Nevertheless, underlying replacement cost profit, which is equal to adjusted net profit, rose by an attractive 18% year-over-year, to $4.8 billion, or more than $19 billion on an annualized level. Even better, BP’s earnings per share and earnings per ADS rose by 29% year-over-year. The discrepancy in the profit growth rate on a company-wide basis is explained by BP’s share repurchases, which have lowered the share count substantially, which resulted in a nice boost to its per-share and per-ADS profits.
Using Cash Flows To Shareholders’ Benefit
This buyback spending was the result of BP’s capital allocation strategy that pursues several ways to generate shareholder value. Since BP is generating vast cash flows and since it isn’t investing as much in new exploration and production compared to peers such as XOM, it makes sense for the company to have a logical strategy in place for how to use its free cash flows.
During the fourth quarter, BP generated operating cash flows of $13.6 billion. That’s not overly reflective of the general cash flow generation potential, however, as cash flows benefitted from working capital movements during the period, while working capital movements were a headwind in the previous quarter. During all of 2022, BP generated operating cash flows of $41 billion, or a little more than $10 billion per quarter, which seems like a better proxy for BP’s cash flow generation power in the foreseeable future versus the abnormally high level seen in Q4. The price for Brent crude oil was slightly higher at the beginning of 2023 versus the beginning of 2022, thus the two quarters could be more or less comparable. It is, of course, not guaranteed that 2023 will experience a mid-year oil price jump comparable to what we have seen in 2022, thus 2023 could be a worse year profit and cash flow wise overall. But even if profits and cash flows were to come in ~20% below last year’s level, that would still make for operating cash flows of $33 billion, or more than $8 billion per quarter.
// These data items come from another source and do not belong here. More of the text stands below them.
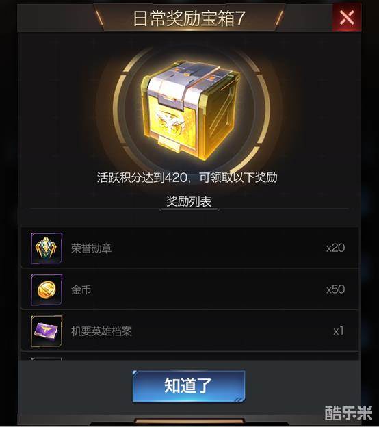 首先通过完成每日任务中的大世界探索、社交也强大、建设与发展、军力大竞赛四大类任务获得活跃积分,当活跃积分达到420后,可领取日常奖励宝箱7,内含50个金币。其中社交也强大的任务最易完成,完成后即可获得85分。
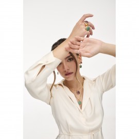 Anillo de Durán Exquse de la colección Matisse de plata dorada con agata negra y aventurina verde
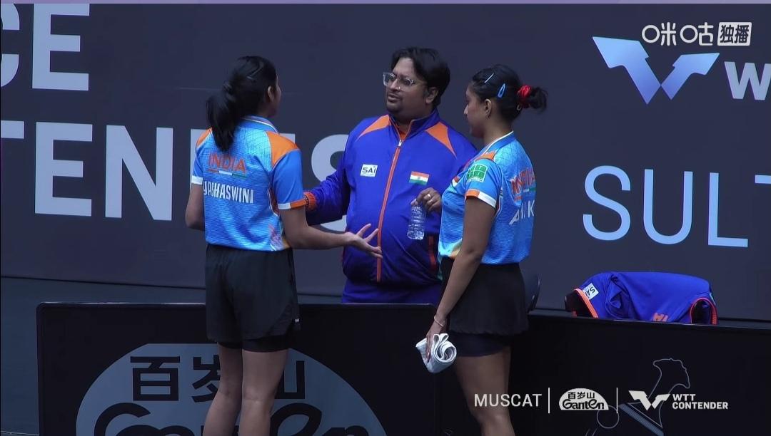 热烈祝贺覃予萱/纵歌曼3:1逆转胜印度组合,晋级女双决赛! WTT马斯喀特常规挑战赛,女双半决赛。 覃予萱/纵歌曼让1追3,3:1(8-11;11-6;11-4;11-9)大胜印度穆克吉/戈尔帕德。 另一场女双半决赛 石洵瑶/王晓彤0:3(8-11;8-11;14-16)完败于中国香港杜凯琹/吴咏琳。 热烈祝贺覃予萱/纵歌曼晋级女双决赛! 女双决赛 覃予萱/纵歌曼Vs中国香港杜凯琹/吴咏琳
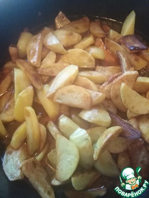 Картофель нарезать ломтиками и обжарить на отдельной сковороде до румяности, использовав часть растительного масла.
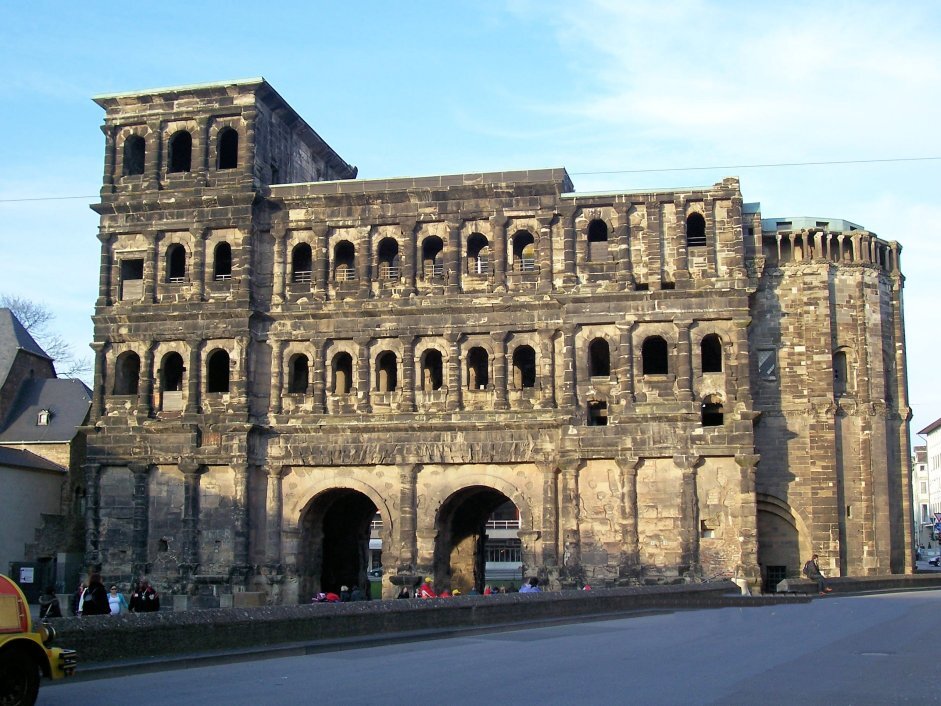 Базилика Константина может быть самым исторически значимым памятником в Трире, но самый архитектурный неповрежденный римский памятник во всем Трире - это Порта Нигра (Черные ворота). Сегодня Черные ворота расположены прямо в конце городской площади. Вы можете пообедать или kaffee und kuchen (кофе и пирог) и пристально смотреть на Черные ворота так долго, как вам нравится. Черные ворота были первоначально бледно-серыми, почти белыми и были построены примерно в 186-200 г. н.э. Черные ворота были одним из четырех городских ворот, которые когда-то существовали в Трире.
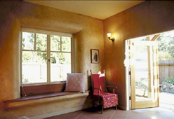 А мы перейдем к следующему интерьеру в доме из глины, построенном на Майянских островах, Канада. Капитальное строительство этого дома было завершено летом 1999 года Пэтом Hennebery к началу 3-недельного семинара во главе с известным глиняным строителем Янто Эвансом и Эльке Коулом. Этот дом был первым домом из глины полностью разрешеным в Канаде. Это полноценный двухэтажный дом на 182 кв.м. подключен к канализации и электричеству. Приблизительные расходы на строительство составили 56000$
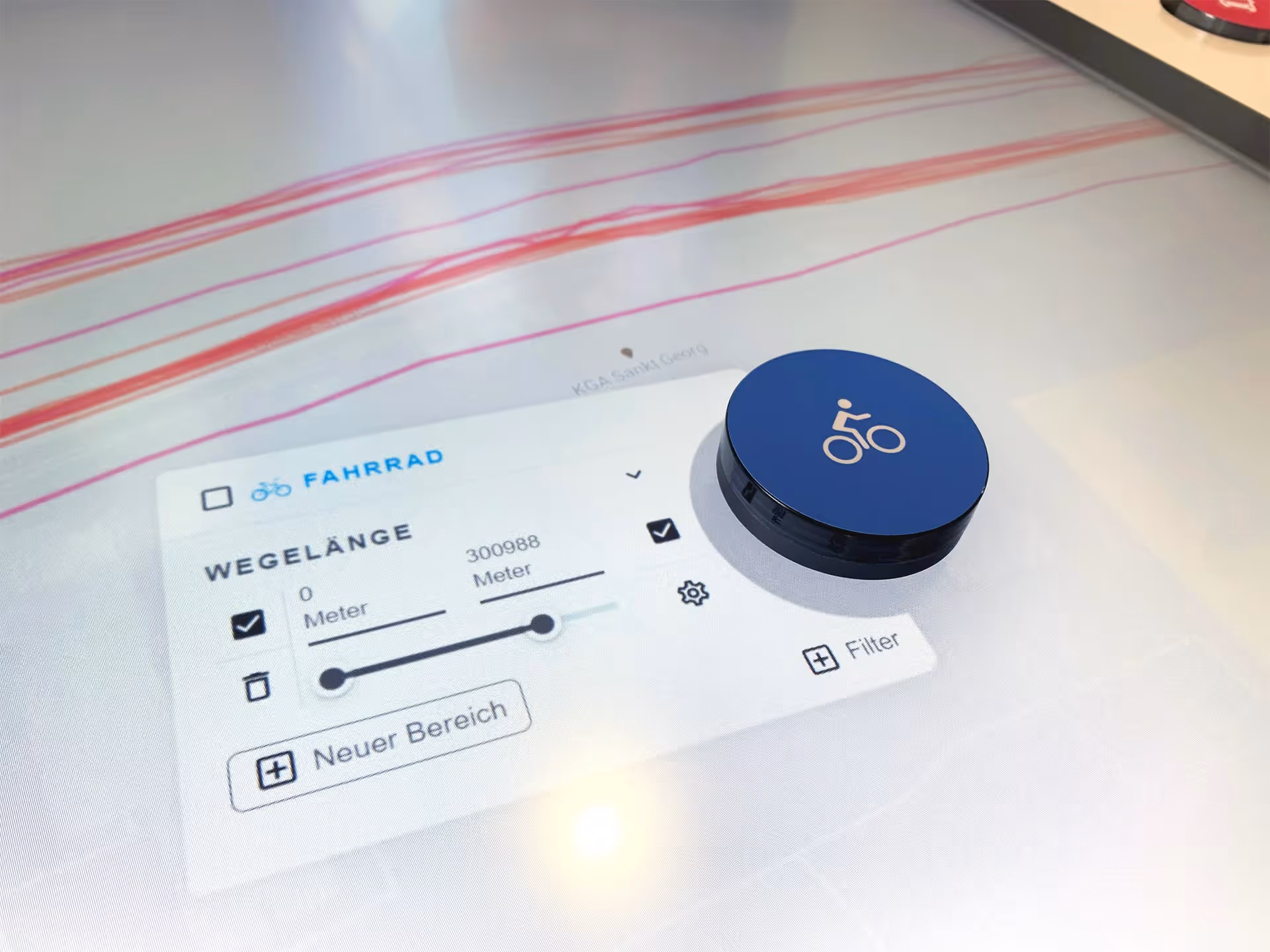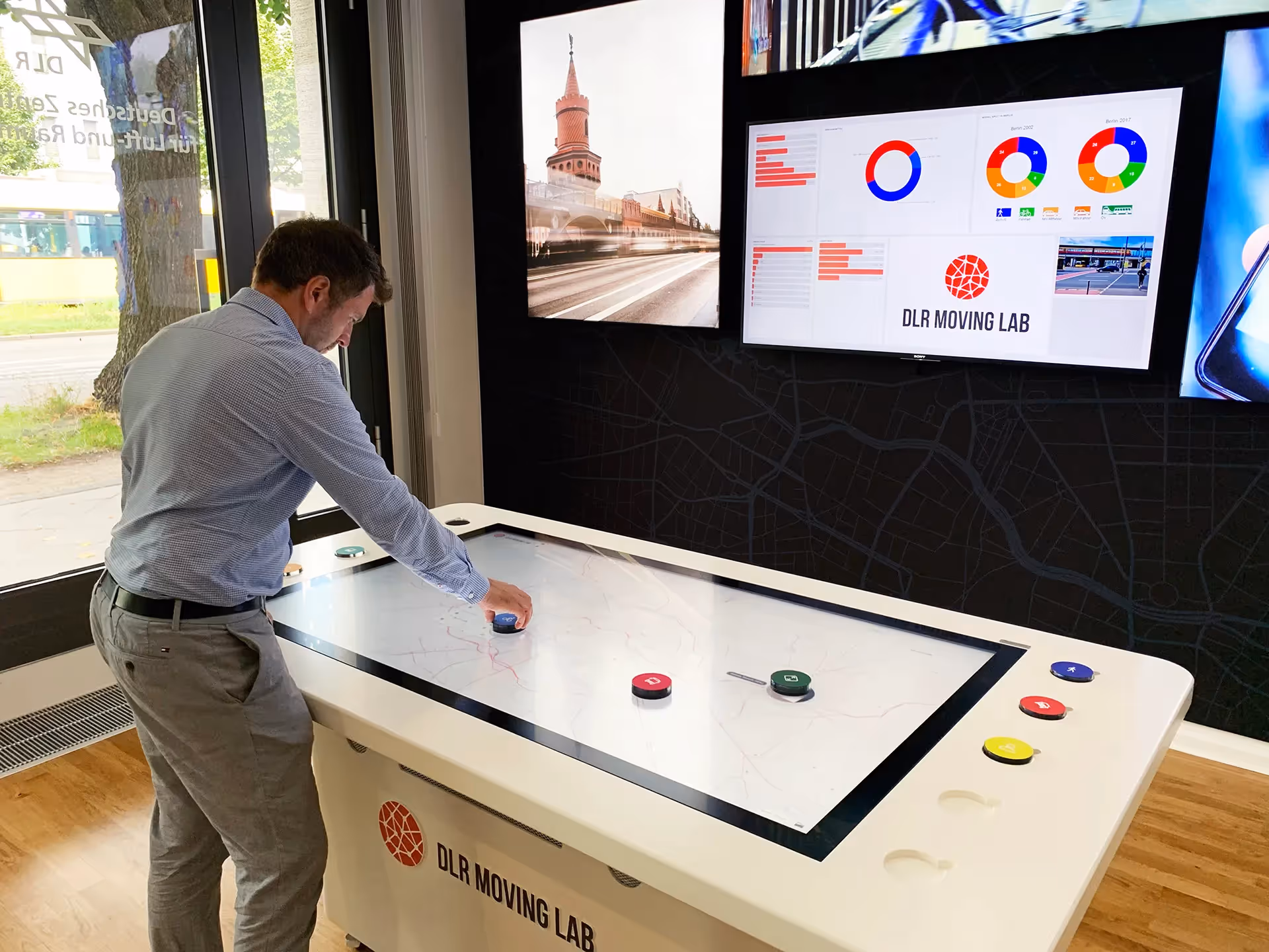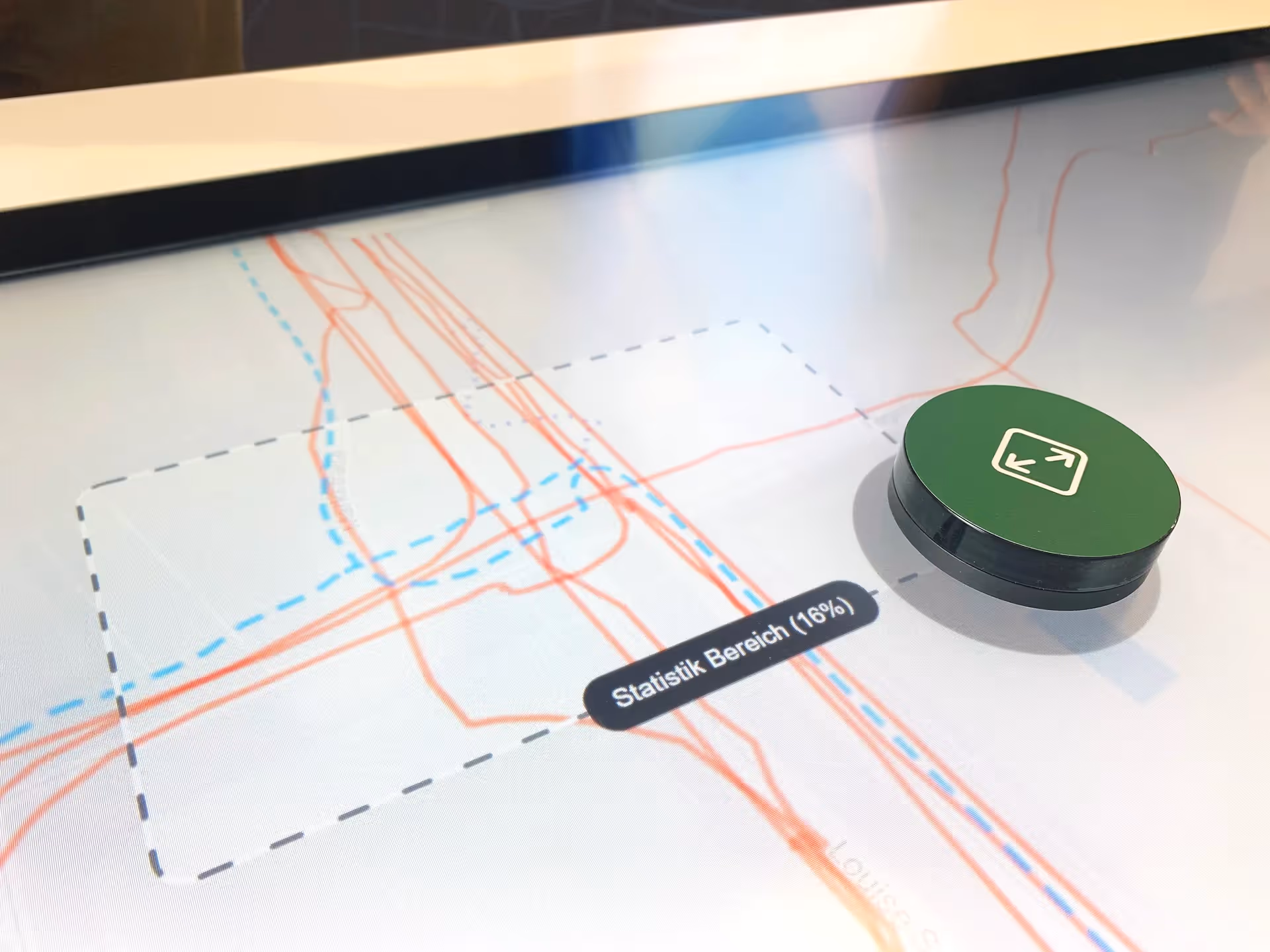 In collaboration with the DLR MovingLab team, an application has been developed that opens up entirely new possibilities for the analysis and exploration of mobility patterns and behaviors using objects. This allows millions of route data to be visualized, interactively analyzed, and diverse real-time statistics to be generated. Through a proprietary CMS, any datasets can be imported, and all routes can be displayed on a map. By rotating and moving tangibles, precise areas on a map can be defined, which are then evaluated through a second screen in the form of statistics.

BP spent $16 billion on capital expenditures last year for a free cash flow generation of $25 billion. BP has guided towards capital expenditures of $17 billion this year, including inorganic expenditures, i.e. M&A spending. This could result in free cash flows of around $16 billion in the scenario laid out above, where operating cash flows decline by 20% this year. If operating cash flows were to remain stable, the capital expenditure guidance implies that BP will generate free cash flows of $24 billion this year. BP is currently trading with a market capitalization of ~$100 billion — even a $16 billion free cash flow result for the current year would thus make for a pretty attractive mid-teens free cash flow yield. That is not available from Exxon Mobil and Chevron (CVX), as those are generating heavy free cash flows as well, but since they are trading at significantly higher valuations.
In 2022, BP has used its free cash flows for several purposes. First, the company used some of its available cash for reducing its debt position — the net debt load declined by $9 billion, from $30.6 billion to $21.4 billion. During the fourth quarter, BP’s net debt declined by $600 million. This made BP’s Gearing, which is calculated by dividing net debt by total equity, drop to 20.5%, down 480 base points year-over-year. With a net debt position of around $20 billion and a trailing twelve-month EBITDA of $61 billion, BP has a very solid balance sheet already, as its leverage ratio (net debt to EBITDA) stands at just 0.3. Still, the company plans to reduce its net debt further, which is not a bad idea as this has several advantages:
– At a constant enterprise value, lower net debt would translate into a higher market capitalization, one could thus say that net debt reduction moves value from debt holders to equity holders.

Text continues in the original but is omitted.